"Moldy old books" THAT ARE PUBLIC DOCUMENTS, CREATED WITH PUBLIC FUNDS BY PUBLIC OFFICIALS AND STORED IN PUBLIC BUILDINGS do not "generally get thrown away or burned". (Fascist and communist states excepted.) They get restored, preserved, indexed, and hopefully digitized.
I mean, if only there were some national umbrella group of archives that had entire departments of people devoted to techniques for preventing and restoring damaged materials, who published their findings on paper and online for free, who hold regular disaster planning and archives management conferences, who promote best practices, who are extremely active on social media and could have helped if only the state had bothered to ask them about the mold situation OH WAIT THERE IS http://www.archives.gov/preservation/emergency-prep/disaster...
.
.
.
(All that being said, I do agree that the key factor in this travesty was probably ignorance rather than malice, as it is in so many situations. But given the state's history and the unusualness of this act, the blogger's skepticism is definitely warranted. And just to reiterate, the Heritage Society was willing to take the records in for free. They were the initial volunteers cleaning out that yucky basement, too. I don't think even the state is trying to play the "expensive" card.)

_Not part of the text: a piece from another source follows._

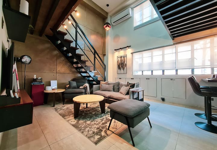Nous invitons nos voyageurs dans ce loft industriel moderne de 20 ans dans le quartier de Cubao, QC. La disposition ouverte maximise la surface totale de 50 m². Notre lit queen en mousse à mémoire de forme de 10 pouces peut accueillir confortablement 2 adultes. Le stationnement est réservé et gratuit. Notre logement convient à ceux qui recherchent une expérience de travail à domicile alternative dans la ville.
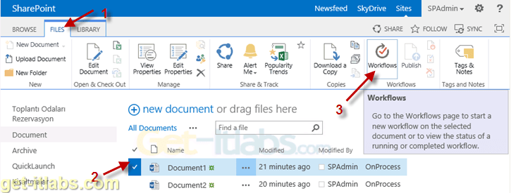 Artık workflow hazır olduğuna göre nasıl kullanacağımızı görelim. Öncelikle size uzun yolu göstereyim. “Document” kitaplığında “Document1” adlı dokümanı secerek, Ribbon menüden “FILES” sekmesi altında “Workflows” linkine tıklıyoruz.

They were marked for destruction 50 years ago by those publicly funded officials. That they remained is something in itself.

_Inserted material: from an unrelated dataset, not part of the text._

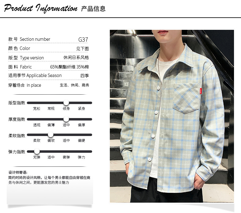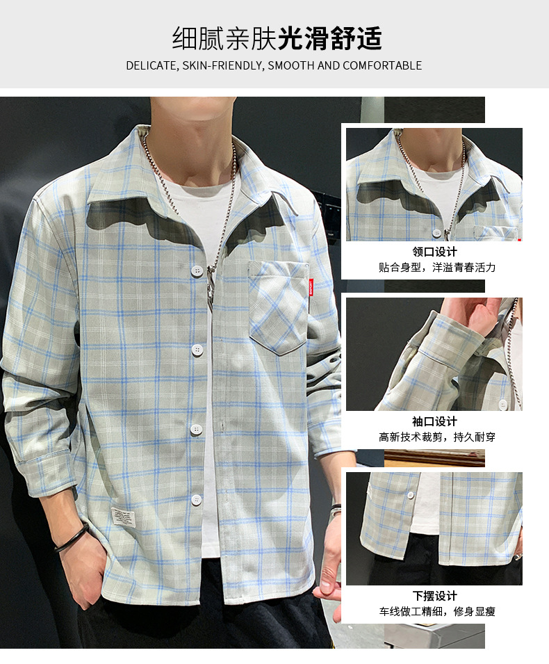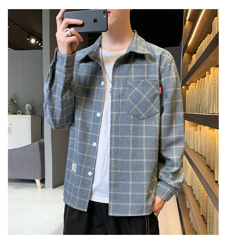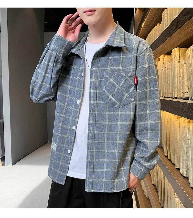 描述:货源类别:现货,品牌:鸣佐,货号:JC-G37,风格:韩版,淘货类别:青春流行(18-24岁),款式:开衫,版型:宽松型,领型:翻领,袖长:长袖,图案:格子,厚薄:普通,误差范围:1-3,是否库存:是,库存类型:整单,款式细节:口袋装饰,适合人群:青少年,上市年份/季节:2021年秋季,面料名称:棉类混纺,主面料成分:聚酯纤维(涤纶),主面料成分的含量:65,面料:棉麻,适用场景:休闲,适合季节:春秋季,工艺:免烫处理,颜色:深灰,浅灰,尺码:M,L,XL,XXL,3XL,4XL,主要下游平台:ebay,亚马逊,wish,速卖通,独立站,LAZADA,主要销售地区:非洲,欧洲,南美,东南亚,北美,东北亚,中东,是否跨境出口专供货源:是,原创设计货源:否,有无质检报告:否,

The blog post says they'd secured space and funding for restoration; it's curious then why they left everything in the basement if they had the space set up. And, calling the state archivists (knowing they were out of their league) suggests they were far out enough that reading SOPs and tweeting folks wasn't going to cut it.
I can certainly see a case where the state group, with what can't be unlimited funds, did a cost-benefit analysis and determined that it wasn't worth it. That makes sense to me -- maybe I'm not intimate enough with the industry to know what really happens.

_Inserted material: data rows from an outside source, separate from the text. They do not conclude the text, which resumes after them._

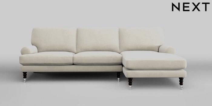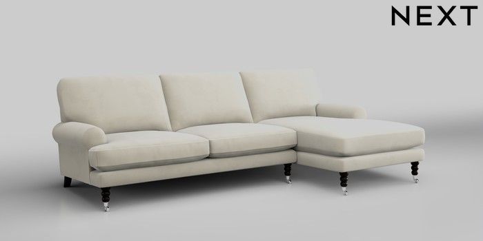 7.2.10 Erin Deep Relaxed Sit Medium Sofa Chaise - Right Hand Luxe Chenille Oyster High Classic Turned Chrome Castor - Dark | Made Click here to use our website with more accessibility support, for example screen readers
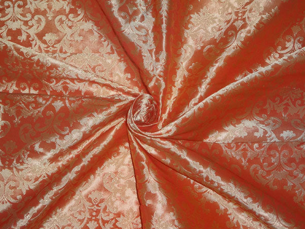 Silk Brocade Fabric Orange x Gold Color 44" wide Bro265[3]
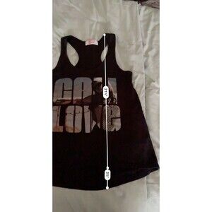 The Mighty Fine Black "CALI LOVE" Tank Top in size Small is a versatile and stylish addition to any woman's wardrobe. This sleeveless top features a scoop neckline and is made from a comfortable cotton blend material. With its retro woman character and love theme, it is perfect for casual occasions in all seasons. The regular fit and breathable design make it ideal for active summer days or layering in cooler weather. Machine washable for easy care, this tank top from CALI LOVE is a must-have for any fashion-forward woman looking for a basic yet chic top.

I'm surprised with the hostility here; I acknowledge that your profession is very important to you, but seriously, this isn't an attack.
I mean, if only there were some national umbrella group of archives that had entire departments of people devoted to techniques for preventing and restoring damaged materials, who published their findings on paper and online for free, who hold regular disaster planning and archives management conferences, who promote best practices, who are extremely active on social media and could have helped if only the state had bothered to ask them about the mold situation OH WAIT THERE IS http://www.archives.gov/preservation/emergency-prep/disaster...
. . .
(All that being said, I do agree that the key factor in this travesty was probably ignorance rather than malice, as it is in so many situations. But given the state's history and the unusualness of this act, the blogger's skepticism is definitely warranted. And just to reiterate, the Heritage Society was willing to take the records in for free. They were the initial volunteers cleaning out that yucky basement, too. I don't think even the state is trying to play the "expensive" card.)